These days, more and more of our business is being done over the internet. Cloud computing and zoom meetings are taking over from on-site servers and face-to-face meetings. The same is true about our leisure time, with sites such as Amazon replacing high street shopping, streaming services like Netflix taking on cinemas and even online betting sites challenging traditional bookmakers.
With lower office power consumption and less business travel, combined with less waste from physical entertainment venues and products, it would appear, on the surface, that the internet is good for the planet. But is this, in fact, the case, or is the energy consumed by the vast array of internet data centres around the world causing more harm than good?
Just how big is the internet?
When it comes to the size of the internet, the numbers are mind boggling, and they’re growing rapidly. In just 25 years, the internet has grown from 16m users in 1995, to 2bn in 2011, to 5bn in December 2020. There are an estimated 1.8bn websites online, with ecommerce estimated to be worth an incredible $4.2trillion in 2020, equivalent to the entire GDP of Germany or Russia. The average user spends no less than 6½ hrs online every day at work and at home.
How much power does the internet use?
The actual power consumption of the internet is a fiercely debated issue, producing a wide disparity of estimates. One review of academic papers found a range from as low as 0.004kWh/GB to as high as 136kWh/GB, with a different paper in 2017 averaging out the findings of 14 studies to 0.06kWh/GB.
Similar studies report that the data centres in the United States alone consume between 70bn and 140bn kWh of electricity every year, which equates to 1.8-3.6% of total US consumption. Globally, it is estimated that ICT has the same carbon footprint as the aviation industry, at around 2% of the total emissions. Data centres consume half of this and transmission networks, including mobile, account for the rest.

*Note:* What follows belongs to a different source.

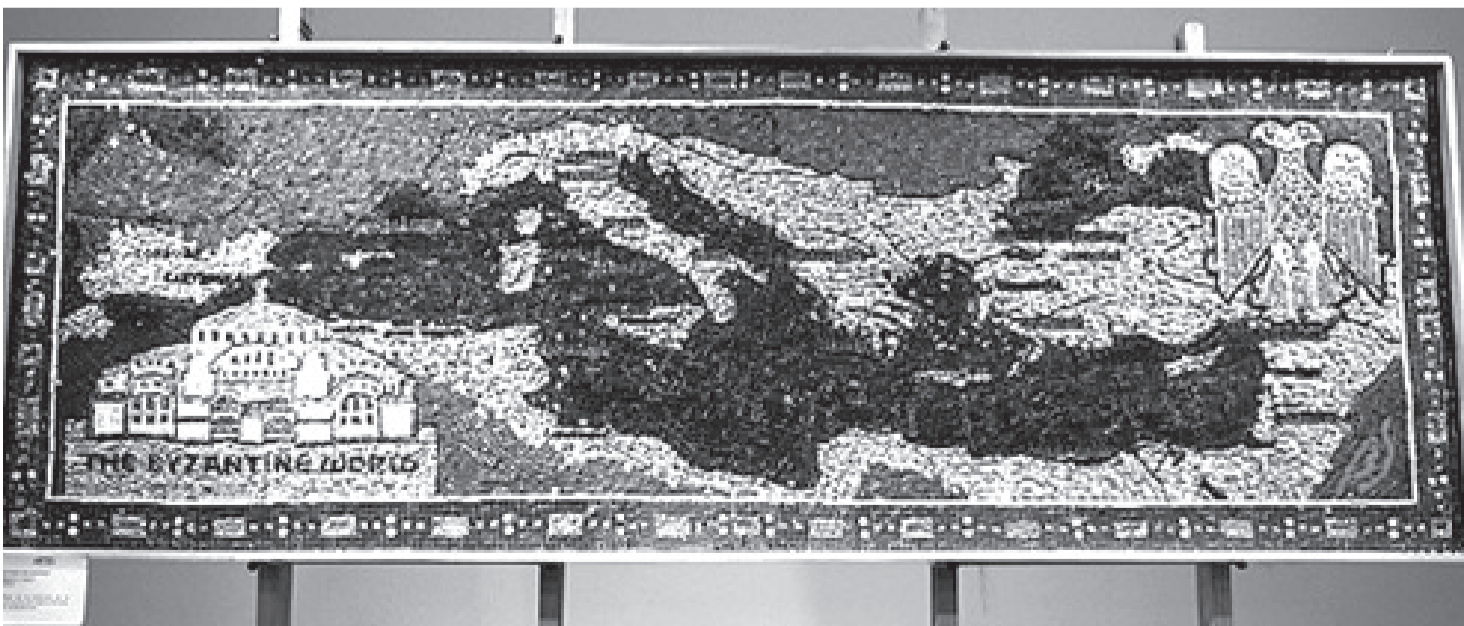
"Mundo Bizantino" obra de Beatriz Segni. Mosaico de 154 x 52 cm. Donado al Colegio Ward en la inauguración de la muestra del colectivo ARTODOS "Arte mosaico. Ravenna: cuna del mosaico", en el marco de la 45° Temporada de las Artes.

Is the problem getting worse?
Fortunately, advances in technology mean that although internet use is rising rapidly, power consumption is falling just as fast. Larger data centres, known as ‘hyperscale’, have brought impressive efficiencies. Prof. Jonathan Koomey, of Stanford University, estimates that power consumption by data centres is dropping at a logarithmic rate. This means that even though there are now estimated to be over 100million drives in US data centres, holding a staggering 350terabytes of data, their relative power consumption is no more than it has been in the past.
What is the future?
Given the significant cost of energy, we can be sure that data centre operators will continue to pump money into researching new ways to make them ever more efficient. However, the rapid growth of cloud computing and other internet use means that these data centres will inevitably continue to grow. In recent years the industry has managed to find a balance that has kept total energy consumption flat, but the question remains as to whether this delicate balance can be sustained.